How did they vote?
Yesterday, the Illinois Senate Public Health committee passed SB 1619 by a party line vote of 6 to 4. It now moves to the full senate. Look at the list below to see how the members of this committee voted.
Take ACTION: Click HERE to contact your state senator today and ask him or her to vote against SB 1619, the so-called “Personal Responsibility Education Program Act,” which more appropriately could be called the “Condom Training Sex Ed Bill.” SB 1619 is backed by Illinois Planned Parenthood Council, Illinois ACLU and a host of other liberal groups, which are engaged in a massive lobbying push for this bill.
You can also call the switchboard in Springfield at (217) 782-2000 and ask for your state senator. If you don’t know who your state senator is, click HERE to look up your elected officials. Or call the IFI office at (708) 781-9328 and we will help you get that information.
SB 1619 Senate Public Health Committee Vote
Yea — Senator William Delgado (D-Chicago)
Yea — Senator Mattie Hunter (D-Chicago)
Yea — Senator Susan Garrett (D-Highwood)
Yea — Senator Michael Noland (D-Elgin)
Yea — Senator Dan Kotowski (D-Park Ridge) substituting for Sen. Schoenberg
Yea — Senator Heather A. Steans (D-Chicago)
No — Senator Dave Syverson (R-Rockford)
No — Senator. Shane Cultra (R-Onarga)
No — Senator Christine J. Johnson (R-Sycamore)
No — Senator Carole Pankau (R-Bloomingdale)
Parents do not want their children being taught the “how to’s” of sexual activity, especially when that activity puts their children’s lives and health in jeopardy. Most parents are fully aware that Planned Parenthood and its liberal allies are actually encouraging sexual activity with SB 1619.
In 2005, the ACLU of Illinois mailed a letter to more than thirteen hundred school superintendents across Illinois complaining that some schools in Illinois are providing their students with “dangerous, inaccurate sex education information.”
What “inaccurate sex education information,” you may ask? Well, according to the ACLU of Illinois, schools that teach abstinence-only-until-marriage “deny students crucial information they need to prevent pregnancy and protect them from sexually-transmitted diseases (STDs).”
Yes, you read that right. The ACLU of Illinois holds the opinion that by promoting no sex until marriage, somehow schools increase student health risks. Of course this makes no sense. Abstinence, when adhered to, will never result in pregnancy and will never spread STDs.
Moreover, studies have shown that “A greater number of students in abstinence programs correctly identified STDs than did students in control groups,” and “a greater number of students in abstinence programs reported correctly that birth control pills do not prevent STDs than did students in control groups.” (For more information, please read Laurie Higgins’ article, Abstinence Education Works.)
The ACLU and Planned Parenthood, which also happens to be the nation’s biggest abortion provider, would rather use your tax dollars and public school resources to promote and encourage young people to experiment with all types of risky sexual behavior, including oral sex and homosexuality. (In 2010, Illinois received $2.23 million from the new federal Personal Responsibility Education Program for “comprehensive” sex education programs.)
According to organizations like Planned Parenthood, it’s necessary and appropriate to indoctrinate young impressionable students with ideas about dangerous behaviors, but abstention from discussing dangerous sexual behavior is misleading.

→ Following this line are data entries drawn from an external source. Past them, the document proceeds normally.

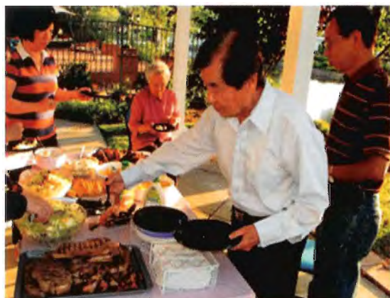
校友在Valencia Bridgeport舉行燒烤活動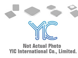
AO4433/TSM4433 Original SOP8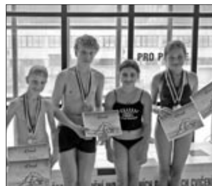
Úspěšní plavci jednoty Orel Staré Město.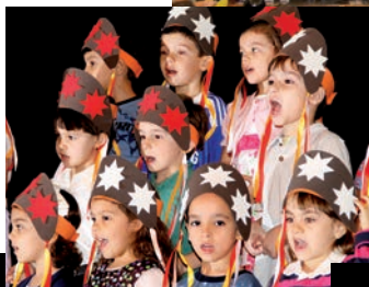
Nas fotos, alunos da Educação Infantil e do 1º ano se apresentam no auditório cantando músicas em Alemão.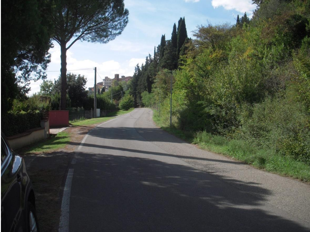
11-VISTA LATO OVEST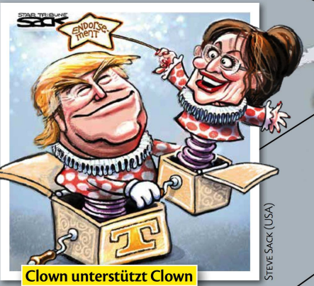
Clown unterstützt Clown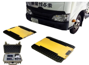
画像は、ロゴマーク等のついた商品イメージです。トラックは、商品に含まれません。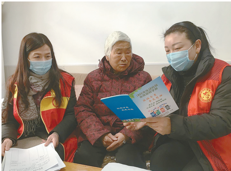
12月23日,源汇区老街街道新华街社区志愿者走进小区,向居民宣传垃圾分类知识。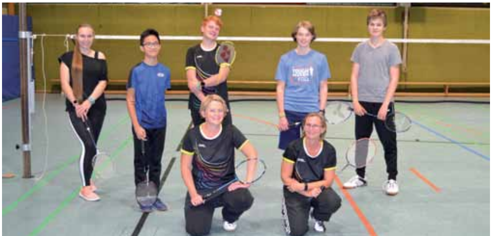
Verbliebene Jugendspieler nach der Corona-Zwangspause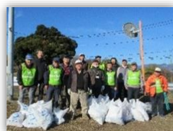
地域力できれいに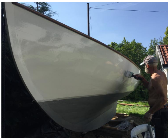
FS 39 får siste strøk på verket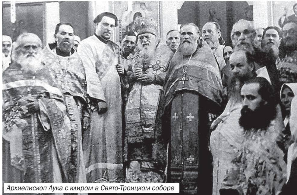
Архиепископ Лука с клиром в Свято-Троицком соборе

В нём имеется современное медицинское оборудование и всё необходимое для работы врачей: рентгенологический кабинет, УЗИ, кабинет функциональной и лабораторной диагностики, эндоскопический кабинет, стоматология, перевязочная, урологический, хирургический кабинеты и др. Он позволяет людям, живущим далеко от городов, получить квалифицированную медицинскую помощь.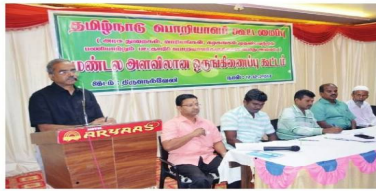
நெல்லைவில் பொறியாளர் கூட்டமைப்பு மண்டல ஒருங்கிணைப்புக் கூட்டம் நடந்தது.

நெல்லை, தூத்துக்குடி, கன்னியாகுமரி மாவட்டங்களில் பொதுப்பணித் துறை, நெடுஞ்சாலைத் துறை, ஊரக வளர்ச்சித் துறை, நெடுநிலைப் பழுது கட்டுப்பாட்டுத் துறை, வேளாண் பொறியியல் துறை, மின் ஆய்வுத்துறை, மின்வாரியம், குடிசை மாற்று வாரியம், வீட்டு வசதி வாரியம், போக்குவரத்துக்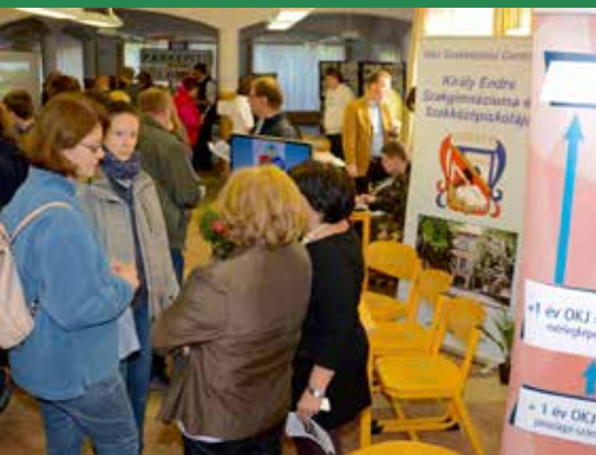
Hagyományosan nagy az érdeklődés a szak- középiskolák iránt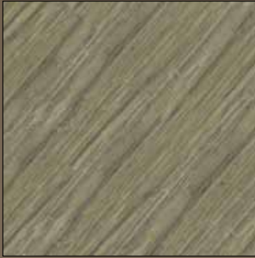
Sugar grain COL 02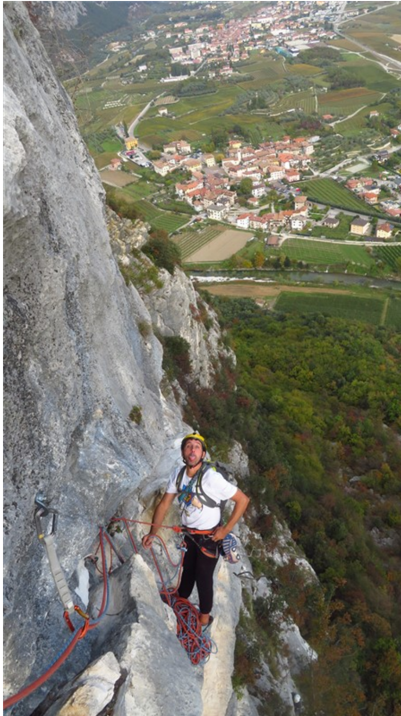
Sosta quinta lunghezza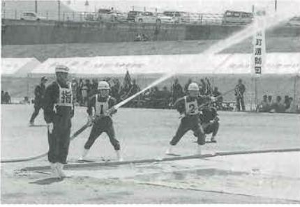
放水のようす。タイムも上々。

この大会は、消防団員の志気の向上と消防精神の高揚を図ることを目的に隔年で行われており、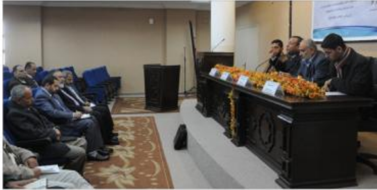
بمنهية زيارات تبادلية بين عمادات شؤون الطلبة وإنشاء اتحاد رياضي يضم كل الجامعات والكليات ، مع عقد ورشة عمل

حول تأثير مواقع التواصل الاجتماعي على الشباب الجامعي ، وإعداد تقرير فصلي حول أنشطة عمادات شؤون الطلبة في مؤسسات التعليم العالي بحضور : مدوخ وعدد من عمداء شؤون الطلبة ، ومثلي التوجيه والإرشاد في مؤسسات التعليم العالي وقد فتح باب النقاش والاستماع لآراء الحضور ووجهات نظرهم ، لتعزيز نقاط القوة وتفاذي الضعف إضافة للأفكار الإبداعية الجديدة التي من شأنها تطوير العمل والارتقاء به.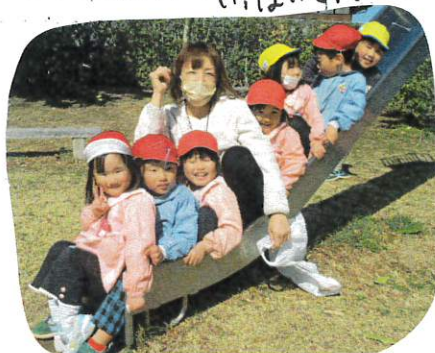
↑みんなであそびたい、気持ちいいな!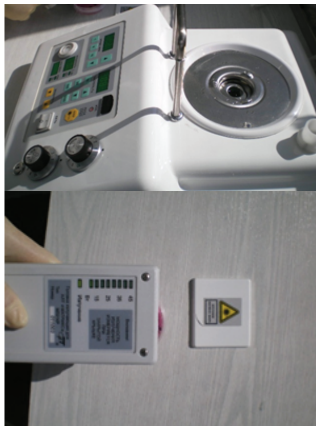
Рис. 1, 2. Воздействие на культуру микроорганизмов аппаратом АЛТ «Матрикс», тип МЛЮ1КР.

При проведении статистической обработки руководствовались методикой определения среднего ква-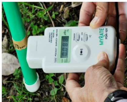
写真：(左) 放射線量測定器

In contrast, just look at the recently released data by the Centers for Disease Control that strongly suggests that abstinence education works. According to the 2006-2008 survey results released earlier this month, the majority of teens have never had any kind of sexual relations with any partner.
The failures of “safe sex” are abundantly clear: unwanted pregnancies, abortion, disease, and devastating emotional ramifications. Abstinence until marriage is the only dependable safe-sex message Illinois policy-makers should be promoting in our public schools. There are no teenage pregnancy epidemics or STD outbreaks when abstinence is practiced. So, why not promote it?